Members of the batting team yelled, "Out of play!" and told the runner on first, who had reached third, to advance home, and the batter to advance from second to third.
The catcher retrieved the ball and threw to the pitcher, covering home. The pitcher ran up the third base line, tagged the runner walking home and then threw to third, where a tag was applied to the batter-runner before he reached third base.
The offense contended that the ball went out of play and it had two runs in and a runner on third. The defense contended that it had a cool double play.
The umpire contended that the ball did not go out of play; it only reached the line, hence he made no call initially.
Due to the "confusion," however, the umpire ruled that one run scored, the runner originally on first was sent back to third and the batter-runner sent back to second.
It may have been a compromise worthy of Henry Clay, but was it the correct ruling?
I will have a follow-up question to this.
As always, thank you for your help!
Sincerely,
Ken Boos
Answer
Good morning Ken,
Sounds like you had a mess!
You ask me if it was the correct ruling, based on the info I have here...NO, and here's why.
If a ball goes out of play an umpire should immediately signal dead ball...that didn't happen here so we continue to have a live ball. The umpire is correct that if the ball was on the line it continues to be a live ball.
The offense make a serious error by calling "out of play" and their runners responed without direction from the umpire. If the ball was out of play the umpire would have both arms up to signal "dead ball" and he would also be calling out "dead ball". The fact that the offense thought the ball was out of play has no bearing on what followed. The ball was live and it seems by your info play continued. If the umpire had responded to the offense by calling out "live ball" a few times that would have helped.
So my opinion is the defense has a double play.
Now Umpire Henry Clay makes a compromise....based on what? The ball was either live or dead and by your info he stated the ball was on the line and hence "live". If he had killed the ball immediately runners would have advanced based on the last base touched at the time of the throw. If after the play and he felt he put the runners at risk, he would have stated no, the ball was out of play and I was late in making the call he would have to advance the runners based on the throw. Neither of those things happened.

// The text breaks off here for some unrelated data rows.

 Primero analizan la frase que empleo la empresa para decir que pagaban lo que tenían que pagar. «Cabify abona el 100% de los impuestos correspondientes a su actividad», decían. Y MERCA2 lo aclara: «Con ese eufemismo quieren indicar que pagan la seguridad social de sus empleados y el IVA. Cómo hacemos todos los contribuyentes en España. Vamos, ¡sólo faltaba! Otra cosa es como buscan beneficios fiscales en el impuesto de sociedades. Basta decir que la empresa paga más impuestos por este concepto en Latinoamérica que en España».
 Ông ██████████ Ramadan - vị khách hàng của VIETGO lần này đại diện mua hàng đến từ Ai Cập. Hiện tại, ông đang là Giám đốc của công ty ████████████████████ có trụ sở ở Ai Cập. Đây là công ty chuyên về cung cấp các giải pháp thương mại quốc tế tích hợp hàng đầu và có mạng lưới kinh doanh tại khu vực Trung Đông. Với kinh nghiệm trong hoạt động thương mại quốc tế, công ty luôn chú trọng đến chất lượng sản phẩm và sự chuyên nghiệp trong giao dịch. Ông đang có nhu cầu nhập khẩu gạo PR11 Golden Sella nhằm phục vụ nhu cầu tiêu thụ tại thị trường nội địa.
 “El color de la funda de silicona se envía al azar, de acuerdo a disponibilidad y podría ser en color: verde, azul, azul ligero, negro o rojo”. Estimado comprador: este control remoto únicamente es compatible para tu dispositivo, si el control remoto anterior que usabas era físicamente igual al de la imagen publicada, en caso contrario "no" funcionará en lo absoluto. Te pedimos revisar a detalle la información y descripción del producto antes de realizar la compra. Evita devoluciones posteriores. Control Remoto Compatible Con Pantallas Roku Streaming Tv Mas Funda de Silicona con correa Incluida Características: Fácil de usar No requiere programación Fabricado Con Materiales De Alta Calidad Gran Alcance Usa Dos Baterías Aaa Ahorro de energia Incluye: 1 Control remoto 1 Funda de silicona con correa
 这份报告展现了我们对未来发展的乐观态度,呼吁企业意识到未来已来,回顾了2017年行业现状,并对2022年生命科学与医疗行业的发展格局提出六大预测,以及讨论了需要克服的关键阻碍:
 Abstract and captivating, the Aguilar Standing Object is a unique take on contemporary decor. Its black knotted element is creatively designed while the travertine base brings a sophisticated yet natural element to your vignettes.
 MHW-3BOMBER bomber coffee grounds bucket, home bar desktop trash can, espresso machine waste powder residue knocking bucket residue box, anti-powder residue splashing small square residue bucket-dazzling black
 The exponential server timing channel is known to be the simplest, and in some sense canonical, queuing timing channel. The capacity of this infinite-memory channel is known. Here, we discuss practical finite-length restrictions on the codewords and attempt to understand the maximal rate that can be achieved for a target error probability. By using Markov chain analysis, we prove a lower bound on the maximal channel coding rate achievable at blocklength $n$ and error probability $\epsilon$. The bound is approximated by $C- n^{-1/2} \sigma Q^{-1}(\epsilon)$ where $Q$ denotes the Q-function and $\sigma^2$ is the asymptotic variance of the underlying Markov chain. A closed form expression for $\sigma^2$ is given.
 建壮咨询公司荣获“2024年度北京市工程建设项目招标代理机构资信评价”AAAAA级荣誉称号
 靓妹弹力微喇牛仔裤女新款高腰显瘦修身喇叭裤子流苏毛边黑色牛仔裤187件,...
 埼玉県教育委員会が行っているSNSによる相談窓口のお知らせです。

The run certainly scores and he seems to kill the play where it would have ended had the defense had simple control of the ball. A nice move if you can get away with it BUT the defense did not have control of the ball and play was allowed to continue.
Sometimes "stuff" just happens but that doesn't mean rules don't apply. If the umpire felt the ball was live he did not put the runners at risk the offense did,
To summarize...(based on your info) the ball was live, play continued, the offense made an error by calling out "out of play" and the runners responded without an umpire's direction, the umpire could have handled it better by making his opinion of live ball clearer,...but double play and the offense has to live with it.